I was going to include my thoughts about the book I just finished this week, The Immortal Life of Henrietta Lacks by Rebecca Sloot, because this book heavily features the ethics of research but I think I’ll save that part for my next post. The point I’m trying to make is threefold: first, that researchers are all just ordinary people, not Great and Powerful Wizards of Oz’s. Everything we bring to the research “lab” and no matter what we are studying – cells, mice, or humans – is situated in the researcher’s social and cultural context: where the researcher was born, raised, educated; what the researcher experienced and learned, the tools and measurements that have been used, the questions that motivate the research topic and inquiry itself. We cannot fully bracket out how each of us as researchers see the world, we can only acknowledge that we have those experiences and frameworks and choose to address them as ethically and responsibly as possible.

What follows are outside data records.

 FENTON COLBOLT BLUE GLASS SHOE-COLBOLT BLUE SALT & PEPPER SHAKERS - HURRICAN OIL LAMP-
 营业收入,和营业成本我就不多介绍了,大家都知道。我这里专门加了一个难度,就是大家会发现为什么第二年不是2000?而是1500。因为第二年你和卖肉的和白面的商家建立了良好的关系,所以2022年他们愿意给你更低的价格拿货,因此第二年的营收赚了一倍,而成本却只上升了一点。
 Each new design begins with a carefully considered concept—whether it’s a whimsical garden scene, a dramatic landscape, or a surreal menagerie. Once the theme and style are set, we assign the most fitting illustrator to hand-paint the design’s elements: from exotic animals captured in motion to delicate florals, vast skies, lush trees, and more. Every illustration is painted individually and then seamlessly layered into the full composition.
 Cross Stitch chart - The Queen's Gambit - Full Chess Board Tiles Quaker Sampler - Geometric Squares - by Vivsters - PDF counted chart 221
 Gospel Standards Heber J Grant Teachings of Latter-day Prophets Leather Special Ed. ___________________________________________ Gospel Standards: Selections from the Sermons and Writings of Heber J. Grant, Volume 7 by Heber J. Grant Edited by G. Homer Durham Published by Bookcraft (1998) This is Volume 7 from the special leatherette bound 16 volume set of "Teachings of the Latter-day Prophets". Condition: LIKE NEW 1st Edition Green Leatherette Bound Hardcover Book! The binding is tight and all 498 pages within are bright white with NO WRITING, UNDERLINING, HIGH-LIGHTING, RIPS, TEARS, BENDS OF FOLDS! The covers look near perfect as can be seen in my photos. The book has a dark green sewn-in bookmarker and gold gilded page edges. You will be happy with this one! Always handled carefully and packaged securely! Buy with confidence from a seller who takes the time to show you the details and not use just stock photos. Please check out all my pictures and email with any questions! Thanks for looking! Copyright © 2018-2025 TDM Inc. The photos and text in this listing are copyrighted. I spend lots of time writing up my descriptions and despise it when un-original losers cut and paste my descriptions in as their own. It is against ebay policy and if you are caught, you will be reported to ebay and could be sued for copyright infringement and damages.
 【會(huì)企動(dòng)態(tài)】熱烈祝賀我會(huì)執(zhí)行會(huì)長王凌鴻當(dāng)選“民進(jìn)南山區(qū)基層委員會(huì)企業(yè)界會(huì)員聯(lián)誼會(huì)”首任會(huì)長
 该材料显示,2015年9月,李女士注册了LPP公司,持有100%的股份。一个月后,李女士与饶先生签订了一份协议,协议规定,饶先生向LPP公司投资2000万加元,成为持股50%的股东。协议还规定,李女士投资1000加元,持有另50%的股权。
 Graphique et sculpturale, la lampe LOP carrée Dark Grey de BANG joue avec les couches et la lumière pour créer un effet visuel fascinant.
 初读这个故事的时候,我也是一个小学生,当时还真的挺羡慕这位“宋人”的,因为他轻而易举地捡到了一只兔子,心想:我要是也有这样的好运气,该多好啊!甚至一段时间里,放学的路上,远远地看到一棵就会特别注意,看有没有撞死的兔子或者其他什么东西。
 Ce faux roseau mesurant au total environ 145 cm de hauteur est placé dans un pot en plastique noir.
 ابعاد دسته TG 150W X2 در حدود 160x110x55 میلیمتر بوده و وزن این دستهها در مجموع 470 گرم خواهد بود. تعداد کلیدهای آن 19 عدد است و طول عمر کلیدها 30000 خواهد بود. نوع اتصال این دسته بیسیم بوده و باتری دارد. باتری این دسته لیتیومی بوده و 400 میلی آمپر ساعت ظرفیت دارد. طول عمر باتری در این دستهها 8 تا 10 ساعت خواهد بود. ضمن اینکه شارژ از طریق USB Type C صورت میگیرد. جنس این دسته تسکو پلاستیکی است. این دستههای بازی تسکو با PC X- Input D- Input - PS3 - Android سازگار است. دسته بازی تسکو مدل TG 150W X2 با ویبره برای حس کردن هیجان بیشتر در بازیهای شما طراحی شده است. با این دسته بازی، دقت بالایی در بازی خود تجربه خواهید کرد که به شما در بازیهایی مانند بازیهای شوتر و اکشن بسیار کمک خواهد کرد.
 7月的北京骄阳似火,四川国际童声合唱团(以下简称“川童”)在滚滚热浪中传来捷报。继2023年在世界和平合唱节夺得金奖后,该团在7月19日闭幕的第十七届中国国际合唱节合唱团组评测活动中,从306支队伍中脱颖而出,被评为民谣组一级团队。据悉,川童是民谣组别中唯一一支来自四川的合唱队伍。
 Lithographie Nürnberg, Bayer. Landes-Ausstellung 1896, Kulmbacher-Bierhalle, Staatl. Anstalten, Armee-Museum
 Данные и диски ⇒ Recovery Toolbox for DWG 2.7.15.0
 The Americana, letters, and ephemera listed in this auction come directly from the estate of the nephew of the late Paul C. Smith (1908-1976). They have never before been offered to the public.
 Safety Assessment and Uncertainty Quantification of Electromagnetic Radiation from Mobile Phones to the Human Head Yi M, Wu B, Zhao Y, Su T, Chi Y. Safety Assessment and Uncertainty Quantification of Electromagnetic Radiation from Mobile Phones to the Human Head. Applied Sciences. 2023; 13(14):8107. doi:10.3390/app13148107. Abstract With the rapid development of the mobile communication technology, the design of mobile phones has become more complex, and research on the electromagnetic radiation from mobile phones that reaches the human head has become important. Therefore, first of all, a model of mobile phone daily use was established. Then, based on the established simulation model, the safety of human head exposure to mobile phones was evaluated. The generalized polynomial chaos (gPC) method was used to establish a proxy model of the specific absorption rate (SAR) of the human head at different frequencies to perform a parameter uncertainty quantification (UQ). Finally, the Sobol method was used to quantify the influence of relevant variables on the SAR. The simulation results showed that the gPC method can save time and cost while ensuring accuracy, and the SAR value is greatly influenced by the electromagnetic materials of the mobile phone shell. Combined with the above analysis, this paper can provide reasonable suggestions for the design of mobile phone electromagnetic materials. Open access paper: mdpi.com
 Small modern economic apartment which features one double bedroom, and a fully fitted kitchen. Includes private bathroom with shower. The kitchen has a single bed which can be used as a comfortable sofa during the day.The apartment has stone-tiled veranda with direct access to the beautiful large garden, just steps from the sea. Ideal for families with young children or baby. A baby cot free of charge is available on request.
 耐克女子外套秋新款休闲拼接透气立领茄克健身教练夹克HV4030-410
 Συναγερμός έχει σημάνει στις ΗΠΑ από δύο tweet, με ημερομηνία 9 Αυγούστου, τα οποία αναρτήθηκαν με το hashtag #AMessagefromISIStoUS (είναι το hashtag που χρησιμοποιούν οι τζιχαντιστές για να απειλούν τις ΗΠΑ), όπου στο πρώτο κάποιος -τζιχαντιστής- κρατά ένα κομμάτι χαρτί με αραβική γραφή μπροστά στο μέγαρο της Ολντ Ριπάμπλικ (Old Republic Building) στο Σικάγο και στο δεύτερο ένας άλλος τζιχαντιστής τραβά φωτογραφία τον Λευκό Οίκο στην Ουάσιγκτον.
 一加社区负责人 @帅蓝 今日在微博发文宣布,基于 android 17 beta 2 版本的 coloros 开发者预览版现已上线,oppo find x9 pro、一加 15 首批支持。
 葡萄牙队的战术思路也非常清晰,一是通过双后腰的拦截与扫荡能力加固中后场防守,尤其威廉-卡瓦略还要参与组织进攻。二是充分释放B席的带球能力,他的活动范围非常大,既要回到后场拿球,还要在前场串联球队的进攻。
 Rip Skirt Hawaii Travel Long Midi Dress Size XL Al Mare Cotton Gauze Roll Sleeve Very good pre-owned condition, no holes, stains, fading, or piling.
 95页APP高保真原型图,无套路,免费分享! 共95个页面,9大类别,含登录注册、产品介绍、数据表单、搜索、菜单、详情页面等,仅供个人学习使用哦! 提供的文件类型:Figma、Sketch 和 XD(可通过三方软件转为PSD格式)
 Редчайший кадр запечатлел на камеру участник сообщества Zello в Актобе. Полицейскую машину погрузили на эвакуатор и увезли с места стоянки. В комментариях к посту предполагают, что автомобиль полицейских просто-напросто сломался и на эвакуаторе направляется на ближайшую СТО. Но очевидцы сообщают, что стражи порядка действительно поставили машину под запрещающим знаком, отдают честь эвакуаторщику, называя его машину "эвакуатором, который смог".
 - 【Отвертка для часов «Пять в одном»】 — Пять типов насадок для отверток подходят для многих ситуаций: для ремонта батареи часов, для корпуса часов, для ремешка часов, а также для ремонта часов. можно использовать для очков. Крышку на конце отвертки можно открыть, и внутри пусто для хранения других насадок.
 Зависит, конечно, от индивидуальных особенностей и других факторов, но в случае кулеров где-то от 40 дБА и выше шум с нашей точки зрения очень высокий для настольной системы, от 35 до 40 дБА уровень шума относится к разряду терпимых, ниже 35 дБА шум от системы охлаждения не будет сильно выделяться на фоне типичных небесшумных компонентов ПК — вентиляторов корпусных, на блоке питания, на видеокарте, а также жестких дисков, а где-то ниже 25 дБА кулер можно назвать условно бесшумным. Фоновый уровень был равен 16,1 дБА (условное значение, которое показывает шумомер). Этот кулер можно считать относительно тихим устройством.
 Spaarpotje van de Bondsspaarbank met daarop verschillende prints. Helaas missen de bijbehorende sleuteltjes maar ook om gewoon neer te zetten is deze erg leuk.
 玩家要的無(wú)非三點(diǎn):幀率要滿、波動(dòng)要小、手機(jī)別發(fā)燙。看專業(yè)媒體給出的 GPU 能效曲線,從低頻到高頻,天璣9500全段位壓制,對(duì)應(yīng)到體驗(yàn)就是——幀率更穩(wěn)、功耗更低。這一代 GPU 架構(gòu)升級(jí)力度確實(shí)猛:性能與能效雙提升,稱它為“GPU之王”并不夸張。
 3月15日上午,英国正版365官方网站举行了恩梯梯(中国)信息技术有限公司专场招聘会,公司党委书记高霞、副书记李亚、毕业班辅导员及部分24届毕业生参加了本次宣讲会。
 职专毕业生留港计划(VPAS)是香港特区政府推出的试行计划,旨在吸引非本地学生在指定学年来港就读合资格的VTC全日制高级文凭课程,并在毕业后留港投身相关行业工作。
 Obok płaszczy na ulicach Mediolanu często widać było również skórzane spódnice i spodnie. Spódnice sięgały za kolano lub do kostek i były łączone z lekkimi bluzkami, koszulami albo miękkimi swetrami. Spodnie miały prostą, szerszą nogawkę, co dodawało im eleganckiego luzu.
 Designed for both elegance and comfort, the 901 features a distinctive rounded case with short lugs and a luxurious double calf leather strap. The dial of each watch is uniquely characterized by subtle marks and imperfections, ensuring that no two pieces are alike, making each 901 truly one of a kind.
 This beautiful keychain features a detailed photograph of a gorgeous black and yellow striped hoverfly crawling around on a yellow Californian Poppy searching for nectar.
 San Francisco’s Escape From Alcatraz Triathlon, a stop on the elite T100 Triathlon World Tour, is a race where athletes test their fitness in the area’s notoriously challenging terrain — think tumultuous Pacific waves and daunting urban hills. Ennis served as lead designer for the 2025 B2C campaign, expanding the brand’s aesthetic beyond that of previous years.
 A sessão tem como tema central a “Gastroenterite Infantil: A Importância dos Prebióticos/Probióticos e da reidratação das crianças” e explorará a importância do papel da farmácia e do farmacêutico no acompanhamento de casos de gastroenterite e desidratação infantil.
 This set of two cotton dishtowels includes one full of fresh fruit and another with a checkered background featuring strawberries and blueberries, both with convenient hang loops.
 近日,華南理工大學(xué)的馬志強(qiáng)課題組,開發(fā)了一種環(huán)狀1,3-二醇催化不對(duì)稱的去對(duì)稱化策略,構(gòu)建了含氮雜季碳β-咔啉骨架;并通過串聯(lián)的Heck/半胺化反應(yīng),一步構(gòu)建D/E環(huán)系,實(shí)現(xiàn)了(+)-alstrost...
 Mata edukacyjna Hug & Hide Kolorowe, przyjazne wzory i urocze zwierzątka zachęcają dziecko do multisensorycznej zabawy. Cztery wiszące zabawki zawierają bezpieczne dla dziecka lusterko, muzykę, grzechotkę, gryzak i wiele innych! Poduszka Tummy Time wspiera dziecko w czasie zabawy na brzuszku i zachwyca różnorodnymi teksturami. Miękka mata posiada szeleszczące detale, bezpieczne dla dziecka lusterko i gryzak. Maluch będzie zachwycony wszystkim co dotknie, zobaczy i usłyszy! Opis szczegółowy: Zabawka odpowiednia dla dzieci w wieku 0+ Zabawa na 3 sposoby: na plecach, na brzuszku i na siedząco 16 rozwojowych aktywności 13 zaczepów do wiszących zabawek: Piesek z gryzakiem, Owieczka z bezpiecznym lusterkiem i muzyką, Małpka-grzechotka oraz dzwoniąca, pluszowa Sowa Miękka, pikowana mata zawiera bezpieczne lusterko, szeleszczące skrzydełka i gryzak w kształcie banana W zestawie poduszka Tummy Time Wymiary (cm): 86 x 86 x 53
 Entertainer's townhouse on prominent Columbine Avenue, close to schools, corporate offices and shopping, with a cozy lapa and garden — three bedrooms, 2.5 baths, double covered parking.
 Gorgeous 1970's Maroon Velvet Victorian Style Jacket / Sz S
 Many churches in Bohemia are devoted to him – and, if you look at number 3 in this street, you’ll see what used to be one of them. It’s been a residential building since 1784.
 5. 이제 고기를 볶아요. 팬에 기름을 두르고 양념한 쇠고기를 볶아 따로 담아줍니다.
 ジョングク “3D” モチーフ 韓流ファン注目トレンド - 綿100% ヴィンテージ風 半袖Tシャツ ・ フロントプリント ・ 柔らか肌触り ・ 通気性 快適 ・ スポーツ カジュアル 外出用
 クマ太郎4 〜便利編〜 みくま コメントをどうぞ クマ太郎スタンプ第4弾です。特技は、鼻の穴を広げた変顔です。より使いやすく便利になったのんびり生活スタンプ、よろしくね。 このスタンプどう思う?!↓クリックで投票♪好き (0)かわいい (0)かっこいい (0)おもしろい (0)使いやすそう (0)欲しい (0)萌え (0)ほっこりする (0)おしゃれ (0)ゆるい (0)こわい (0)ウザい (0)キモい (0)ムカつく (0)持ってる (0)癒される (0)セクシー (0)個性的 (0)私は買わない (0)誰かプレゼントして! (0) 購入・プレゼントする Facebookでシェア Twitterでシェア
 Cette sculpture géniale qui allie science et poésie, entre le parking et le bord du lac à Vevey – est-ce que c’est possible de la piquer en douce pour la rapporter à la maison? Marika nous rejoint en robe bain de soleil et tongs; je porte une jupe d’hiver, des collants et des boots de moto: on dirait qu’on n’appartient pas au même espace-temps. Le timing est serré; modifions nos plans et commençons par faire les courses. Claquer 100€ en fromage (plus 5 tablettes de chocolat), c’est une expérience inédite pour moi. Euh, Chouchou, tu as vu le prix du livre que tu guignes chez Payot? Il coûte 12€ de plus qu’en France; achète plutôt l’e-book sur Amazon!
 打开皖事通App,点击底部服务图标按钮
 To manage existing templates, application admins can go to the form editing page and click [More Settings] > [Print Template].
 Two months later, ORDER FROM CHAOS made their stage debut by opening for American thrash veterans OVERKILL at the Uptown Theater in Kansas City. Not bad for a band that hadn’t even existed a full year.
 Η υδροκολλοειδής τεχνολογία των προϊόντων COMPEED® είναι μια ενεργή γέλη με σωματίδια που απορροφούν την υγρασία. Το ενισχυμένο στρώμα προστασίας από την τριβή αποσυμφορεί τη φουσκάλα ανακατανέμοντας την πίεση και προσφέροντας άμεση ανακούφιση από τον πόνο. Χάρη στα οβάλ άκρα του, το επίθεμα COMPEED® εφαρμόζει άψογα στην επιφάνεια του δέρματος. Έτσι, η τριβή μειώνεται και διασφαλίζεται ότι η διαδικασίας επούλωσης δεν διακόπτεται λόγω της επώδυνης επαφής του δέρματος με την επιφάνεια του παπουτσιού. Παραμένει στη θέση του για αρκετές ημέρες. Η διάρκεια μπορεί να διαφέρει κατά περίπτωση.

Second, as Latoya mentions in her piece, we need to ask questions whenever research attempts to quantify the subjective. Just because a couple of researchers rated African American female study participants “less attractive” and put a number on it does not mean anything more than that a couple of researchers put a number on something as subjective as “attractiveness.” Is a number a fact or is it a proxy for something else? A number means nothing unless there are other numbers within socially constructed meanings around it that give it its context.
Third, we must critically think about what is studied and why. Social science research can validate or it can marginalize people. Sometimes research can help people realize that their human experience is shared by others; on the other hand, in an effort to try to “understand” humanity research often falls victim to trying to quantify a “norm” which often ends up reinforcing the marginalization of those who are already oppressed. There is so much diversity of experiences and cultural contexts, even within a country such as the United States, that I question whenever a researcher attempts to find an “average” or “normal” anything.
And finally we need to remember that this goes back again to the person doing the research. Just because Kanazawa and others know how to push our buttons and levers in the Wizard booth does not make them Great nor Powerful. We can all learn to be Toto, revealing the mere human behind the lighting and sound effects. Don’t let pretty graphs and charts distract you from the man behind the curtain.